## User Guide
#### Opening a FR long position
```
TODO:
Circle back to the points above
Talk about price action and what it means
FR and SFR assets
open long -> secure a fixed rate
LONG if you LIKE the FIXED RATE 😃
```
When a user goes FR long, they buy locked assets at a discount. They buy 100 locked DAI for 95 DAI
**Buy locked assets at a discount, redeem full value at maturity:** Users can buy assets that are locked for a set duration at a discount. This discount is the fixed rate, as the user knows upfront how much they're paying today and how much they'll get at the end of the term. On the flip side, the AMM will use these user deposits to earn variable yield.
**Profit/loss example:** A user who pays 100 USDC today to buy 105 USDC that is locked for a year will have gotten a 5% fixed rate. If the underlying variable yield source performed for a 3% rate over that same timeframe, the market will earn 3 USDC from this user's deposit.
**Withdraw at any time:** Users can close their fixed rate positions before term maturity by selling their fixed rate assets back into the market. If they do so, their actual profit or loss will be determined by the current discount on the market, i.e., the current fixed rate.
#### Opening a Short position
```
TODO: Mention spread
FR is a sentiment indicator
MOAR SENTIMENT
if variable rate outperformed fixed, market sentiment was wrong
SHORT if you DISLIKE the FIXED RATE
```
**Pay a fixed price now, get variable rate returns**: Users can get variable rate exposure by paying a fixed price upfront. The AMM will then give them the variable returns from the market's locked assets, for a set duration.
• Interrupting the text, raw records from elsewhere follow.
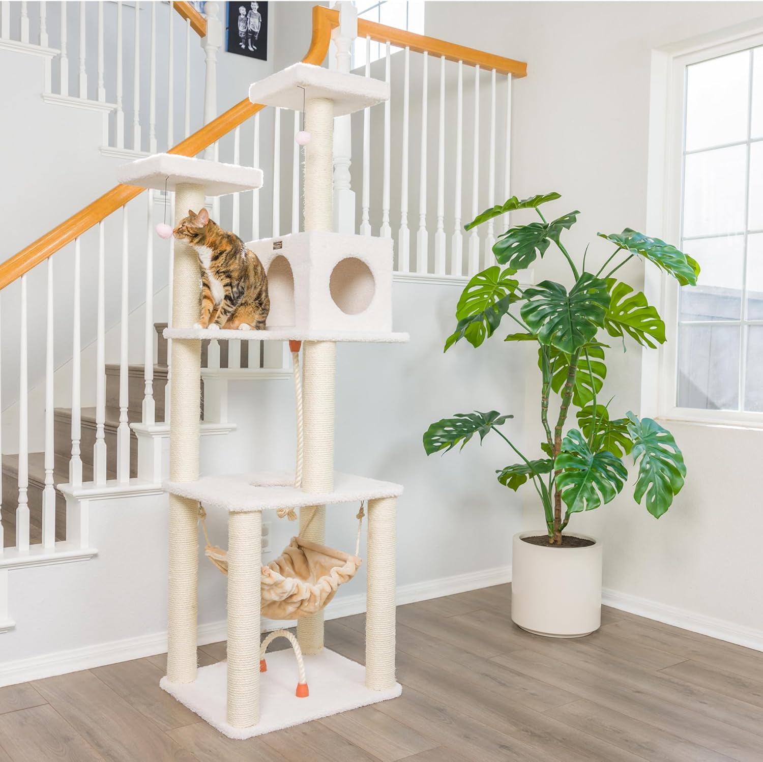 Treat your cats and kittens to the Armarkat B7301 Classic Cat Tree, a multi-functional play center designed for hours of entertainment and relaxation. Standing at 73 inches tall in an elegant ivory finish, this four-level cat tree features a fun rope swing, a cozy hammock, a private condo, and a spacious perch—offering the perfect spot for your feline to sit, observe their surroundings, and unwind. Features & Benefits: Four Levels of Fun: With four generously sized levels, including a rope swing, hammock, condo, and perch, this cat tree provides endless opportunities for climbing, playing, and lounging. Plush Comfort: Covered in high-density ivory faux fleece, offering a soft and warm surface your cat will love. All coverings are permanently adhered to the wood structure for lasting durability and are easy to clean. Sturdy Construction: Made from 15mm pressed wood, providing extra thickness and strength for reliable stability. The robust build helps the tree maintain its shape even with daily use. Natural Scratching Posts: All 3.5" diameter posts are securely wrapped with 100% natural, seasoned sisal rope, built to withstand years of scratching. Versatile Design: The elegant ivory finish complements a variety of home decors, blending seamlessly with your existing furniture. Product Specifications: Overall Height: 73" Post Diameter: 3.5" Base Dimensions: 24" x 20" Condo Dimensions: 16" (L) x 12" (W) x 12" (H) Perch Dimensions: 14" x 12" Maximum Holding Weight: 60 lbs Warranty: Six-month included Replacement Parts: Available from the manufacturer
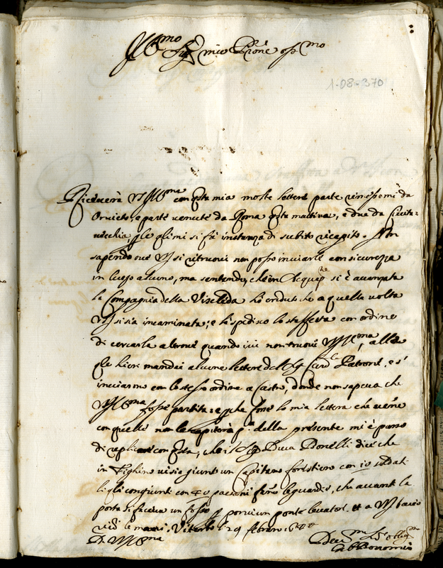 Lettera di Monsignor Borromeo Giberto a Malatesta Albani (1644 febbraio 29)
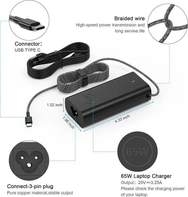 Charger)Compatible Model: Chromebook 11 3000 3110Chromebook 11 3000 3110 2-in-1Chromebook 11 3100Chromebook 11 3100 2-In-1Chromebook 11 5190Chromebook 11 5190 2-In-1Chromebook 14 3400 XPS 13 9360 XPS 13 9365 2in1 XPS 13 9370 XPS 13 9380 Precision 3480 3560 3570 3580 and moreCompatible
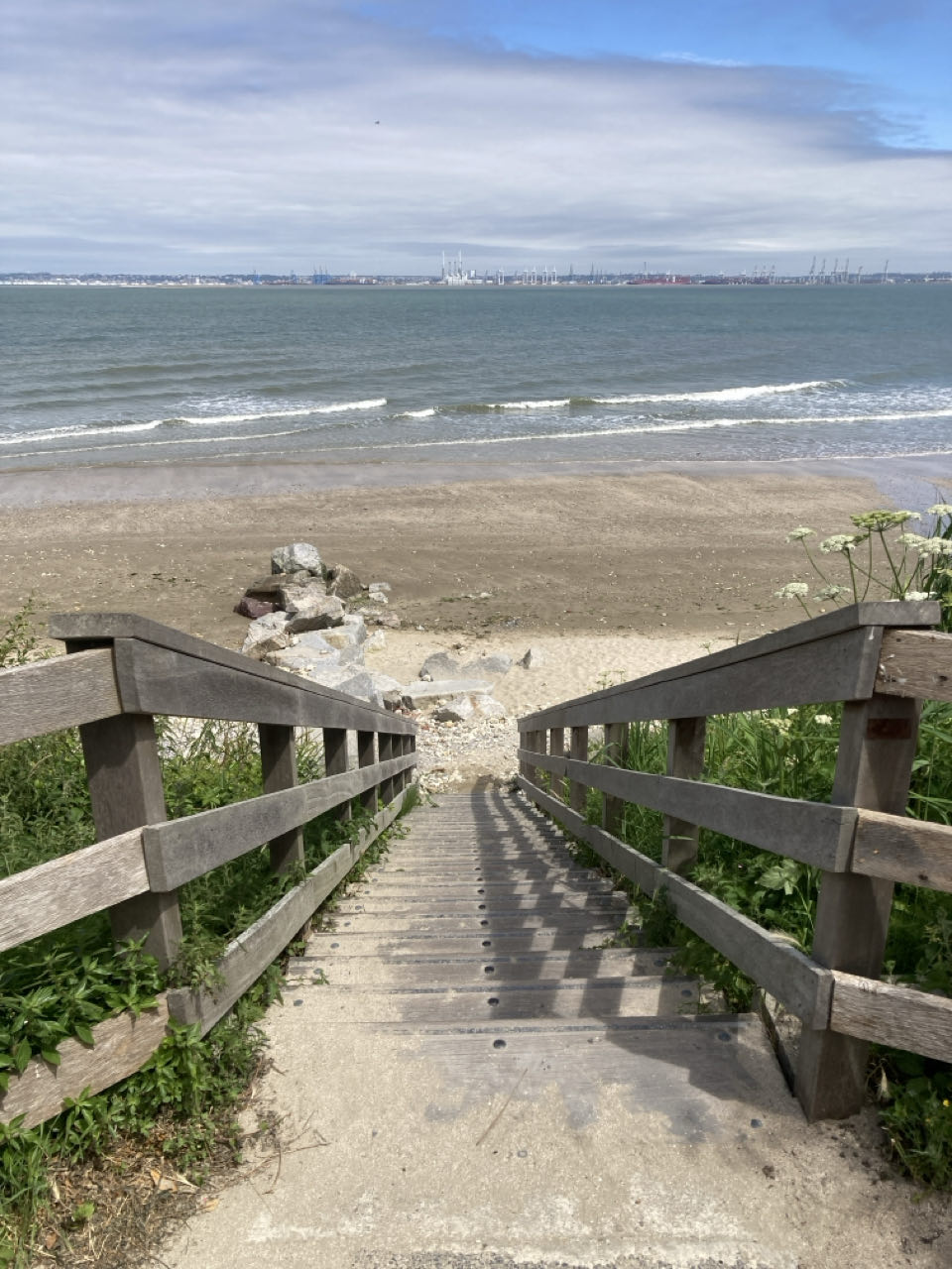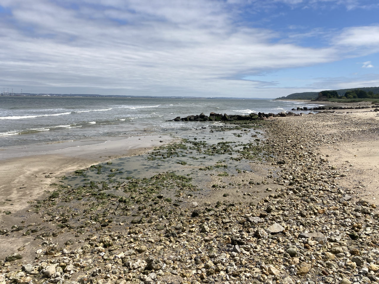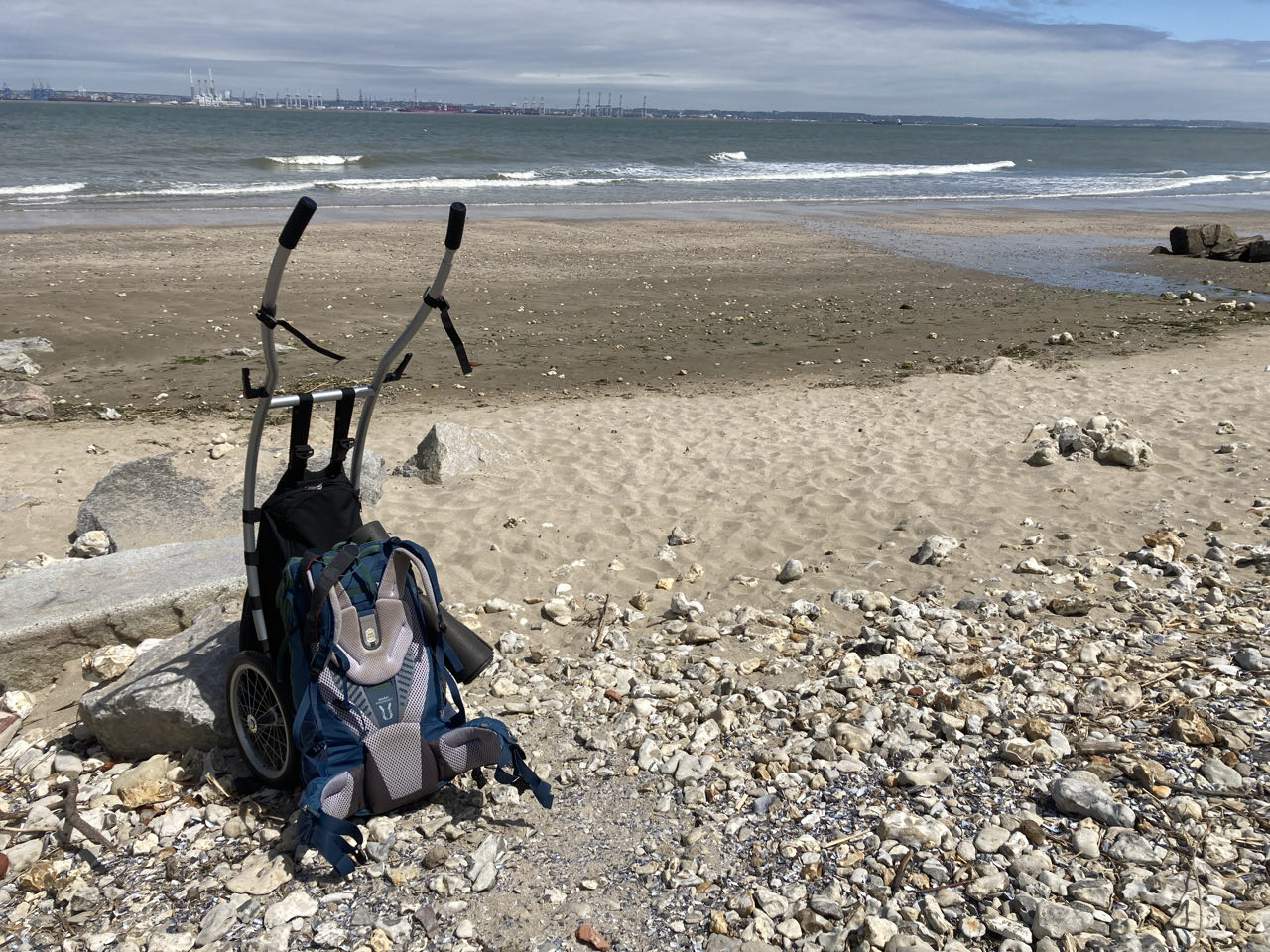 J’attends sur la plage de Criqueboeuf. La mer est encore trop haute pour que je passe les épis rocheux avec la chariotte !
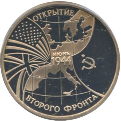 Описание: На тлі карти Європи — стилізовані національні прапори, ліворуч — Великої Британії та США, праворуч — Радянського Союзу, написи вздовж краю: зверху — «ОТКРЫТИЕ» (ВІДКРИТТЯ), знизу — «ВТОРОГО ФРОНТА» (ДРУГОГО ФРОНТУ), в центрі дата у два рядки — «ИЮНЬ 1944» (ЧЕРВЕНЬ 1944) (початок військових дій на другому фронті).

In other words, the user is buying the variable yield from the market's assets. The price for this variable rate exposure is the same as the discount used for the fixed rates.
**Profit/loss example:** at a 5% fixed rate, a user who wants to buy the yield from 100 USDC for a 1-year term would have to pay 5 USDC. If the variable yield throughout the term turns out to be 8% (for example), the user will get 8 USDC back, minus their original 5 USDC, for a final 3 USDC profit. If the variable yield turns out to have been 3% instead, the user will only get back 3 USDC, minus their original 5 USDC, turning a 2 USDC loss.
**Withdraw at any time:** Users can close their variable rate positions before term maturity by selling the rights to the market's yield back into the market. If they do so, their actual profit or loss will be determined by the current fixed rate on the market, plus the variable performance throughout the term.